■ Work request
Starting at the line that holds "火锅品牌入驻购物中心第 4 层的最多,3 层次之" and stopping at the line that holds "AMM08480G (3.8 μg/ml)", restate the records below word for word, with both of those lines included.

**** Records to use ****

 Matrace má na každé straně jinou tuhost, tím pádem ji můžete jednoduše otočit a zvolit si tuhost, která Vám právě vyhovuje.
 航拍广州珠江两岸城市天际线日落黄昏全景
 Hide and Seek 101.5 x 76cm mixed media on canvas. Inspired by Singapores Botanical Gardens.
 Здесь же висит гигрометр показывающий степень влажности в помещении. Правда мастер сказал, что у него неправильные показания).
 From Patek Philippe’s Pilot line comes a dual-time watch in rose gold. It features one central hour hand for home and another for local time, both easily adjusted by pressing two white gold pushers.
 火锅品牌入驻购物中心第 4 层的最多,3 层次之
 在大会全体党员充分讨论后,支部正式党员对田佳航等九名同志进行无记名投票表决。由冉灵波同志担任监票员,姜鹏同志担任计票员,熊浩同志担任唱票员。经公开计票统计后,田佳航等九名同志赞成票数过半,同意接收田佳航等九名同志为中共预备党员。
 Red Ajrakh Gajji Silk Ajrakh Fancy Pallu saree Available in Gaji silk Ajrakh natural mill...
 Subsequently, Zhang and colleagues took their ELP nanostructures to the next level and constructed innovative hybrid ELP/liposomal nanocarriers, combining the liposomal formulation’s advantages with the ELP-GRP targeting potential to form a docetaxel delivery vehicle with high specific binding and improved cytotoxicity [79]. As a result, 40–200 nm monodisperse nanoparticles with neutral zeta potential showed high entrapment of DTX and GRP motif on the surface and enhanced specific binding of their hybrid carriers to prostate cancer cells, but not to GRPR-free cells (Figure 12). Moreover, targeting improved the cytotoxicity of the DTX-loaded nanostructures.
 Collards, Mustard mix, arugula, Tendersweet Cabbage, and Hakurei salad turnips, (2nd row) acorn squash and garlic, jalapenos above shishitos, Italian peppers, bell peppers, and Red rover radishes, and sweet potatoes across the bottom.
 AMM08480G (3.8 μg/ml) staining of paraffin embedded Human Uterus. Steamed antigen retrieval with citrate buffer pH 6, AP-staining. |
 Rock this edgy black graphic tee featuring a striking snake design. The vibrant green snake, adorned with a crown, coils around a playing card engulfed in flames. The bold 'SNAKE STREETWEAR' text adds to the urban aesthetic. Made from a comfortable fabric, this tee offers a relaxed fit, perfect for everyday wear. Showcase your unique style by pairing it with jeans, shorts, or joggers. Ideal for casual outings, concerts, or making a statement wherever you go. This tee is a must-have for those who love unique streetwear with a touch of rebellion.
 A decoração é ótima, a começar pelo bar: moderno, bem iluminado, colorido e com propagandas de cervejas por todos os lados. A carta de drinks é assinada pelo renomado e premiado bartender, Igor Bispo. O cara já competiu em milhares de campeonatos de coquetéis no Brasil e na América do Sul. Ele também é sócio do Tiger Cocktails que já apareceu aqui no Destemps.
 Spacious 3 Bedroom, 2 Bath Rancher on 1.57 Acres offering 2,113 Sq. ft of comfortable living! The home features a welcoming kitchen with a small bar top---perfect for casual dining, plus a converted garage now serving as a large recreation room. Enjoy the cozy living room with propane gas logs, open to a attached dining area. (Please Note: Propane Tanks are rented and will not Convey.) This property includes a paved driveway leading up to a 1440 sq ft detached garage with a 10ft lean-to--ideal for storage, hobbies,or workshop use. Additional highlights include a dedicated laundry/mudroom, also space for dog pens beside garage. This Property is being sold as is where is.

****

■ Task response
 火锅品牌入驻购物中心第 4 层的最多,3 层次之
 在大会全体党员充分讨论后,支部正式党员对田佳航等九名同志进行无记名投票表决。由冉灵波同志担任监票员,姜鹏同志担任计票员,熊浩同志担任唱票员。经公开计票统计后,田佳航等九名同志赞成票数过半,同意接收田佳航等九名同志为中共预备党员。
 Red Ajrakh Gajji Silk Ajrakh Fancy Pallu saree Available in Gaji silk Ajrakh natural mill...
 Subsequently, Zhang and colleagues took their ELP nanostructures to the next level and constructed innovative hybrid ELP/liposomal nanocarriers, combining the liposomal formulation’s advantages with the ELP-GRP targeting potential to form a docetaxel delivery vehicle with high specific binding and improved cytotoxicity [79]. As a result, 40–200 nm monodisperse nanoparticles with neutral zeta potential showed high entrapment of DTX and GRP motif on the surface and enhanced specific binding of their hybrid carriers to prostate cancer cells, but not to GRPR-free cells (Figure 12). Moreover, targeting improved the cytotoxicity of the DTX-loaded nanostructures.
 Collards, Mustard mix, arugula, Tendersweet Cabbage, and Hakurei salad turnips, (2nd row) acorn squash and garlic, jalapenos above shishitos, Italian peppers, bell peppers, and Red rover radishes, and sweet potatoes across the bottom.
 AMM08480G (3.8 μg/ml) staining of paraffin embedded Human Uterus. Steamed antigen retrieval with citrate buffer pH 6, AP-staining. |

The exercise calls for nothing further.